Hi, This is my first time posting on this site. I have a son who will be 3 mid September. I have applied for 3 school nurseries for next year when he will be near enough 4. All of these nurseries I would be happy of he then got into the school so I am hoping he will not have to move once settled. Now, I am getting quite a bit of pressure from friends, family members and my husband to start him somewhere in January when he receives his 15 hours free funding. My reasons for not wanting to do this are : The disruption if he gets a school nuWrsery place as he will only have been there 6 months ( it doesn't run through holidays ) He is dry however can forget himself and would personally prefer him to be completely dry before attending a setting like a nursery He is happy at home and I am happy for him to be here I have another son 15 months younger so we are constantly socialising with other children at playgroups, parks, soft play centres so it just seems unnecessary Any opinions would be fab! Emily
I'd stick with your arrangements. It sounds like you've thought about what suits your family best, and the only advantage to letting him go to to nursery from Jan is the social interaction, but you've already got that covered with the activities you do with both DC.
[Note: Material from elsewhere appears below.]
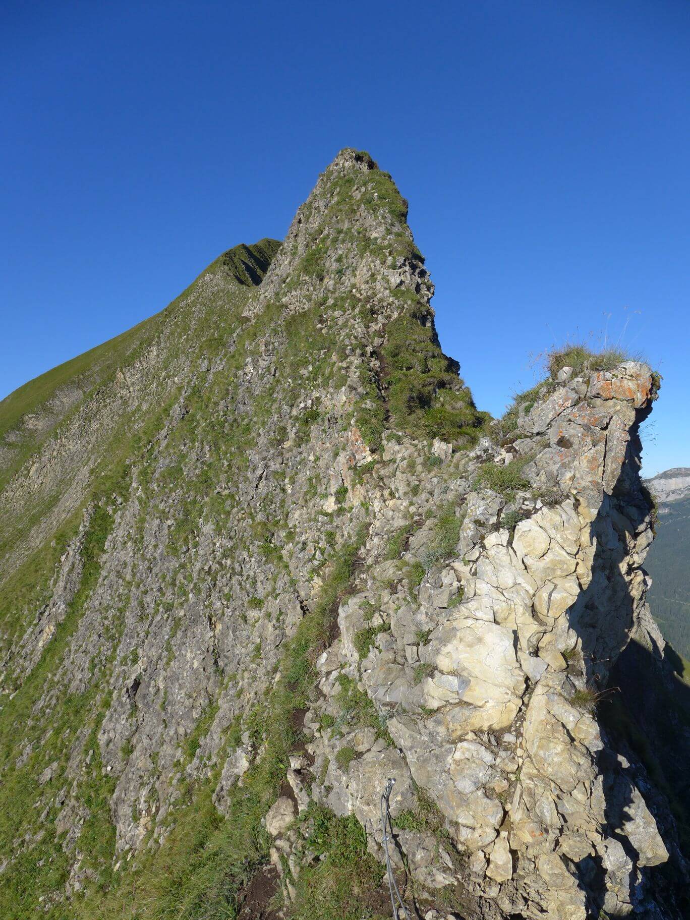 Das markante Tannhorn ist von weit herum sichtbar und wird meist als Schlüsselstelle der Tour bezeichnet. In der Tat geht’s da links und recht ordentlich runter und Trittsicherheit sowie Schwindelfreiheit sind hier zwingend. Doch das gilt sowieso für die ganze Tour.

Thanks for the replies Oh no, it doesn't here either. I can only hope! All 3 schools are very good and they are catholic which we are so fingers crossed! We are very happy together and I guess it's social pressure making me second guess my own instincts
I wouldn't want to settle him into one setting and then move him immediately, but on the other hand 6 months is actually quite a long time in child terms, so it might not feel like that for him.
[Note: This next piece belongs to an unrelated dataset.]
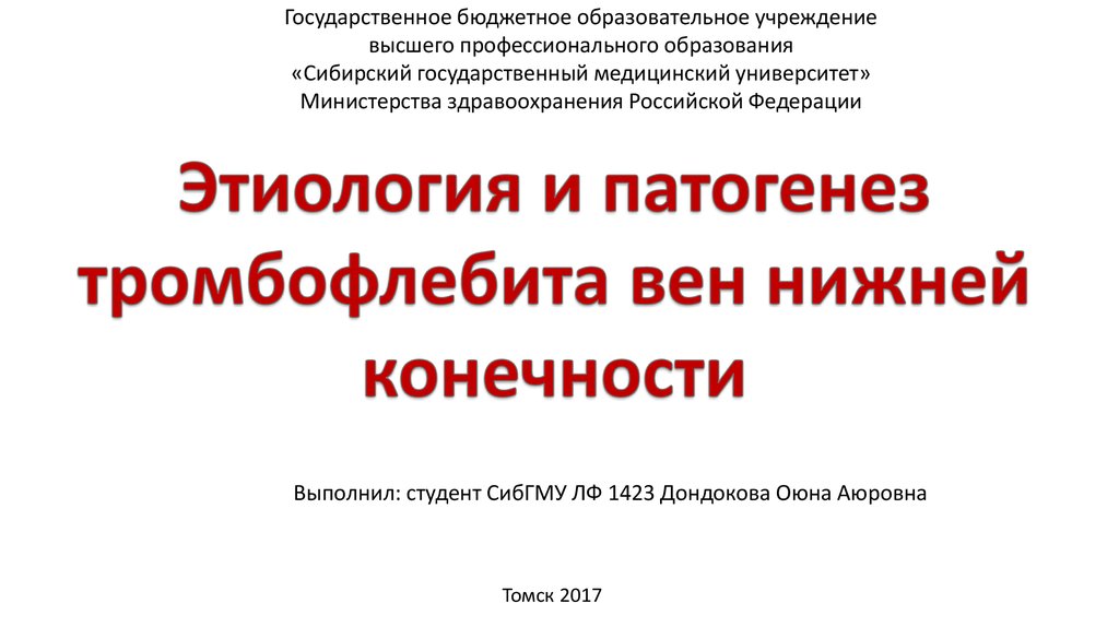 Этиология и патогенез тромбофлебита вен нижней конечности

I also wouldn't be planning for January around his current toileting as he may well be completely dry by January.
"We're happy as we are and he gets great opportunities with to socialise and play with his DB" sounds like a good reason to keep him with you for the extra time. You do need to think about your whole family for this - I'm sure his DB would miss him and might lose out by having to plan your days around pick ups and not having his DB to play with.
If you felt like it you could put his name down for somewhere for January and then make a decision nearer the time. But if it really is a case of social pressure making you do something that you don't feel is right for you then this might only make it worse.
I think that the subtext of your post is that you would like him to stay at home. Don't feel pressurised to send him anywhere if you don't want to; it sounds like you are really busy and he's not missing out on anything.
My dd started nursery as she turned four at the school she will be attending. I hope that she has got to know the staff etc as she is starting full time school in two week's time.
I loved having her at home with me, we've had some wonderful times, days out and really enjoyed being together. The years have passed so quickly and I don't regret keeping her at home for so long for a minute.